Image Background Removal
At Lyst we process a lot of products from a lot of retailers. However, the product information we get from retailers isn’t the same across the industry as:
- Retailers may categorise products differently to competitors,
- Retailers may not provide every bit of information that we need,
- Retailers may have large catalogues and use vague auto-generated descriptions.
Due to this, we have to ensure that each product has all the information that we require (such as category, colour, etc.) and that the information is consistent across the site. For example, what Asos may consider a shoulder bag, Gucci may consider a handbag.
While we have a team of moderators which fill in the missing information, they obviously cannot handle our full incoming item traffic (750 items/s). To address this problem, we use automatic product classifiers to fill in as much information as possible. These are a combination of chained support vector machines and stochastic gradient descent based classifiers. These can currently classify 60% of our products 99% of the time (the sex panther method). Items which we are not confident enough to classify are passed to our human moderators.

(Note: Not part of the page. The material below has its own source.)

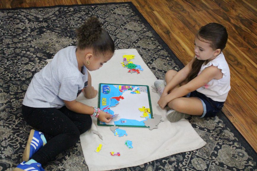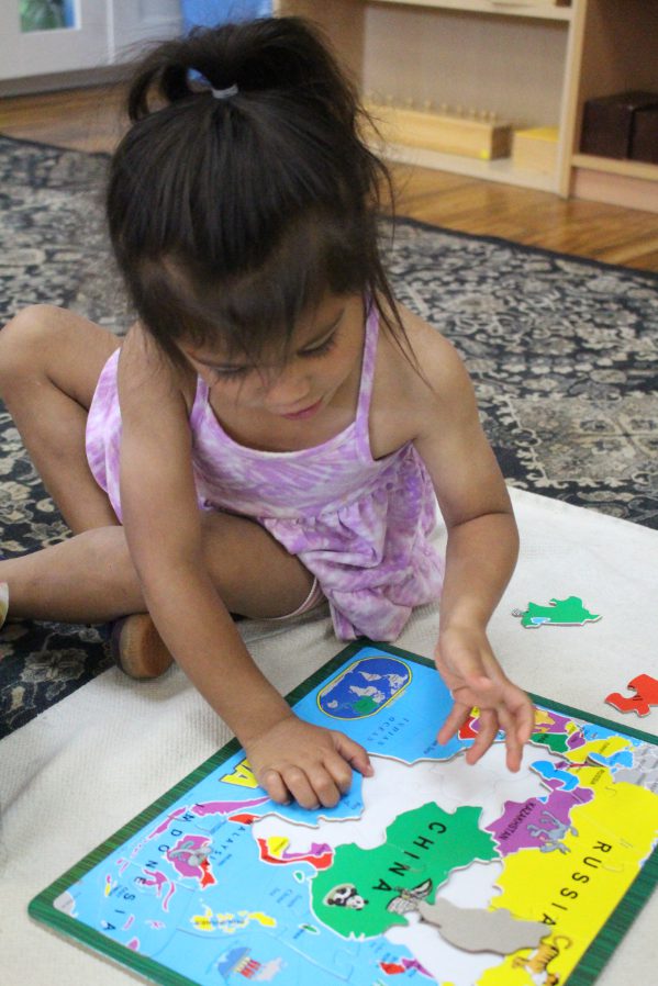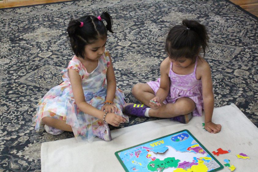 Children aged 3 to 4 often find magic in everyday activities that adults might over look. Simple tasks like sorting, transferring objects with a spoon or tongs, pouring, or washing dishes completely captivate them. These practical life exercises are the early signs of developing coordination between the mind and body. That’s why our Montessori preschool curriculum is centered on real-world, hands-on experiences. Using concrete tools, children discover math concepts with the movable alphabet, they explore language and through working with cubes, cylinders, and other materials, they learn categorization, spatial awareness, and much more. Our carefully prepared environment encourages independence, creativity, and confidence. Each child is nurtured at their own pace by experienced Montessori-trained educators who understand that every child’s path to learning is unique. At FLMA Preschool, we offer a warm, inclusive community where children feel safe, valued, and excited to learn every day. To keep parents closely connected to their child’s growth and daily experiences, we use Brightwheel, a secure communication platform that allows teachers to share real-time updates, photos, learning milestones, and messages. This open line of communication ensures families stay informed, involved, and reassured—strengthening the bond between home and school. Our broad-based primary preschool program includes.

As part of our classification ecosystem, we have a number of classifiers which run on images. For example, a classifier which determine the main colour[s] of an image. However, this is not as simple as it seems, as most product photos on Lyst have a background of some type. These backgrounds can be simple colours, gradients, or complex backdrops (i.e. a beach, street, etc.). In order to correctly infer properties about an image of a product, the background must be removed.
Solutions
In order to approach this problem, we want to look at methods which are fast and generalisable. Thus, we want to use image manipulation methods rather than complex image recognition techniques. To begin with, we first considered methods which would work with the simplest of product images. These had simple backgrounds and the product was normally positioned centrally, such as the following image.
One of the first background removal solutions we looked into was global adaptive thresholding. This tries to find a colour value which was between the background colour and the foreground. Any pixel that was within this threshold was used to create an alpha mask. This worked well with images such as that above.
However, this method was bad for images with gradients or complex backgrounds. It also didn’t really like products which were lightly coloured!
In order to fix these issues, we needed to find a solution which would essentially determine where the product was. Now, as we only wanted to use image manipulation methods, we would have to rely on some fairly safe assumptions:
- The product will be in the image
- The product will be prominent in the image
As our images are all sourced from retailer sites, these assumptions are fairly safe.
In terms of pixels, this means that the transition from background to product will be harsh. There will be edges which will be detectable. Several methods for performing edge detection exist, but we use the graphicsmagick edge() function (which is a Sobel Filter (graphicsmagick source)) as we use pg-magick for most of our image processing. Another method we looked at was using local adaptive thresholding which worked just as well as the Sobel filter but seemed to add larger borders to the transparency masks, which we wanted to minimise.
In the end, our work flow was fairly succinct and visually looked like:
When running the above code on the failures above, we get some pretty decent (but not perfect) results:
Conclusions
While this technique isn’t yet good enough for front end images, it is a useful tool for pre-processing images that are being classified for colour. It can normally handle images with simple or graduated backgrounds. However, in the cases where it has not fully removed the background it normally has moved more background than product and can still be useful for colour classification.